Een goed voorbeeld op het gebied van ruimtevraagstukken en het versnellen van defensie-gerelateerde projecten is de voorgenomen samenwerking tussen Staatsbosbeheer en Defensie. Staatsbosbeheer, beheerder van natuurgebieden in Nederland, stelt ruimte beschikbaar aan Defensie. Tegelijkertijd wordt de natuur versterkt, bijvoorbeeld door natuur elders te compenseren, en door kennis uit te wisselen op het gebied van natuurbeheer en biodiversiteit, maar ook door defensieterreinen zo te ontwerpen en bouwen dat ze in de toekomst een andere functie kunnen vervullen.

Een ander voorbeeld is de al bestaande samenwerking tussen Rijkswaterstaat en Defensie om geluidsoverlast van overvliegende helikopters bij Vliegbasis Gilze-Rijen te verminderen. Rijkswaterstaat brengt expertise in op het gebied van gevelisolatie, opgedaan bij woningen langs snelwegen, spoorlijnen en luchthavens. Om de leefbaarheid in de omgeving te verbeteren werkt Defensie bovendien samen met omwonenden, een stichting tegen geluidsoverlast en de gemeente Gilze-Rijen.

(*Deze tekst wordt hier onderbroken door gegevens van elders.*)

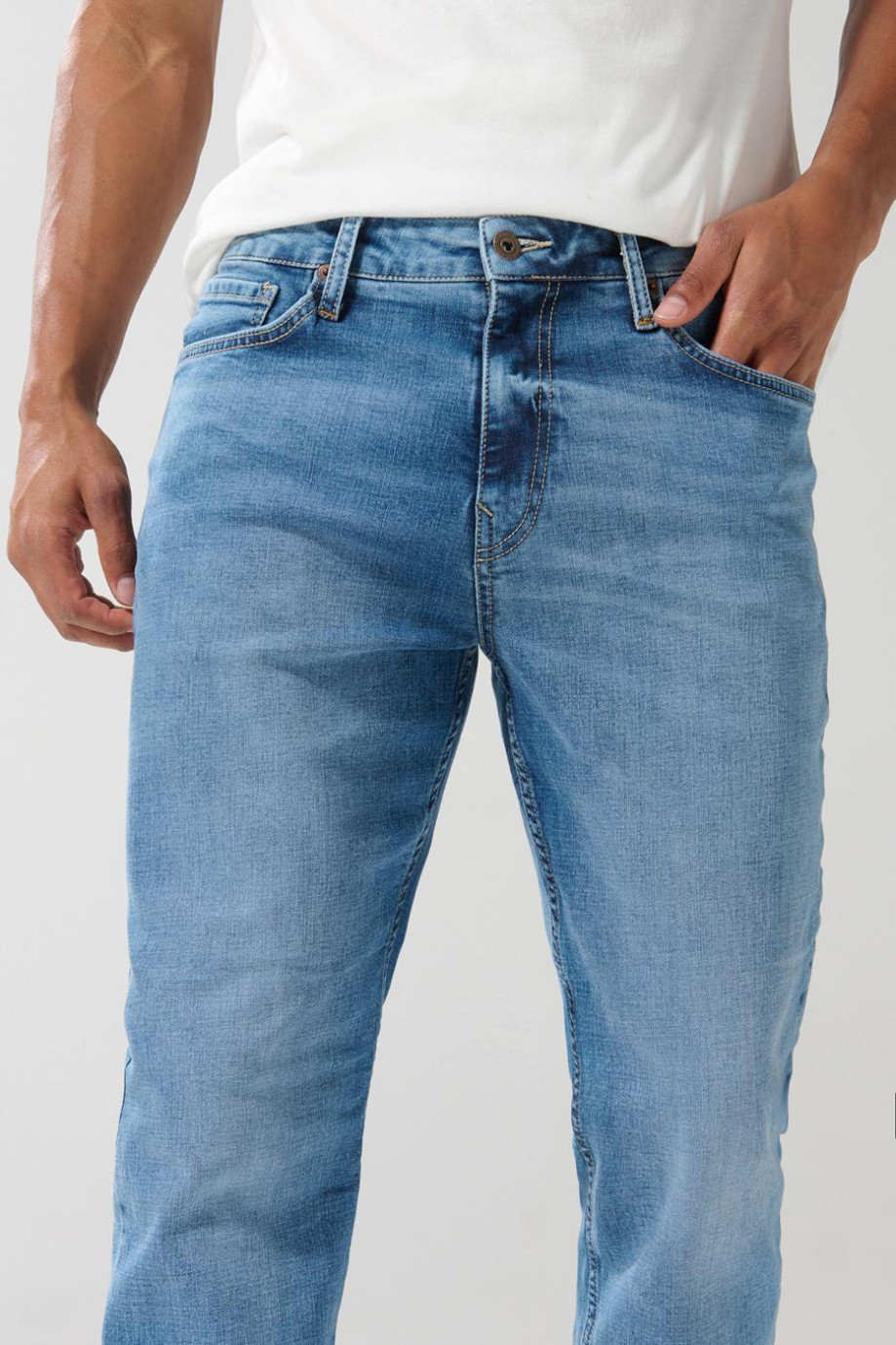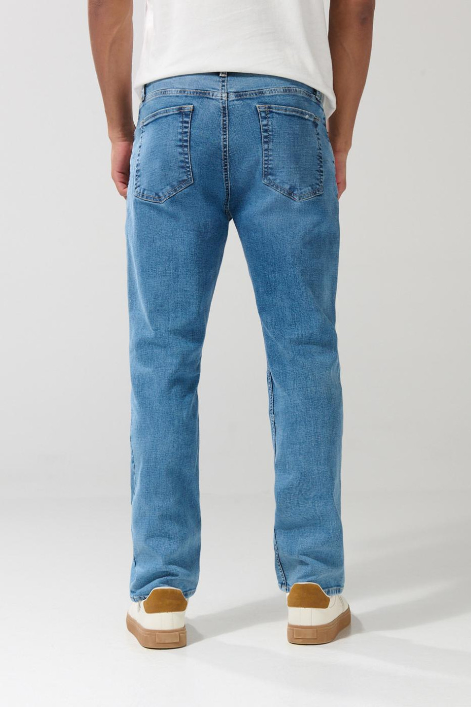 Jean straight leg para hombre en tono azul medio cuenta con 5 bolsillos funcionales, diseño de bota recta, ligeros desgastes localizados, tiro bajo y una silueta holgada en el cuerpo. Destácate con esta prenda en tus planes casuales, combínala con tu mejor buzo básico y crea un look retro con el que te sientas identificado.
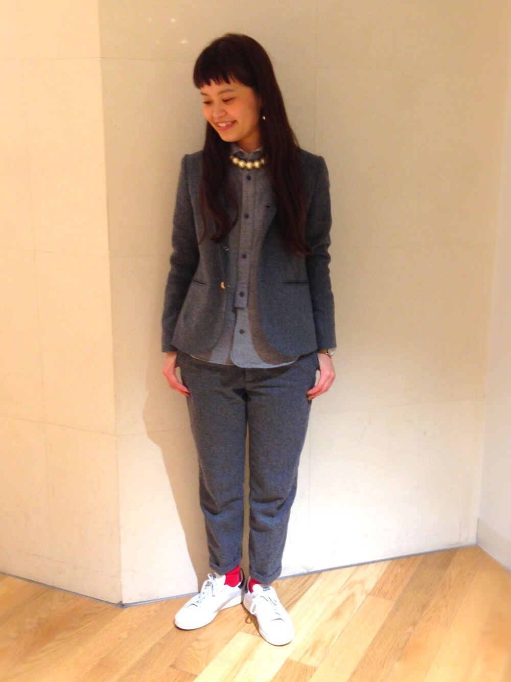 昨日に引き続きまして、 自分流Xmasコーディネート。 本日はメンズっぽく。 あえてオールグレーにして、 ソックスで赤をポイントに。 パールや、リボンなど、アクセサリーで 飾り付けしました!

Nog een ander voorbeeld is de nieuwe NAVO-norm. Die kan ten koste gaan van het klimaat, bijvoorbeeld door hogere CO₂-uitstoot en minder middelen voor klimaatbeleid door stijgende defensie-uitgaven. Tegelijk kan ze de energietransitie stimuleren. Investeringen in infrastructuur die nodig is om in oorlogstijd troepen te verplaatsen – zoals havens, bruggen, wegen en spoorlijnen – bieden kansen voor onderhoud én duurzame innovaties. Omdat veel infrastructuur in publieke handen is, kunnen overheden – ook provincies en gemeenten – hier via aanbestedingen gericht op sturen.

Brede welvaart als uitgangspunt

Wanneer brede welvaart, voorbij economische groei alleen, als uitgangspunt wordt genomen, kunnen veiligheid en duurzaamheid worden geïntegreerd in één samenhangende strategie. Dat betekent niet dat beide belangen altijd volledig verenigbaar zijn, of dat alle spanningen daarmee verdwijnen – niet die tussen de korte en lange termijn, en ook niet die tussen verschillende bestuurslagen.

In de casus van het versnellen van defensie-gerelateerde projecten hoeft duurzaamheid niet ondergeschikt te zijn aan veiligheid. Met een doordachte aanpak kunnen verschillende waarden en belangen op slimme wijze met elkaar worden verbonden, en hoeven we spanningen niet te negeren of te blijven hangen in complexiteit.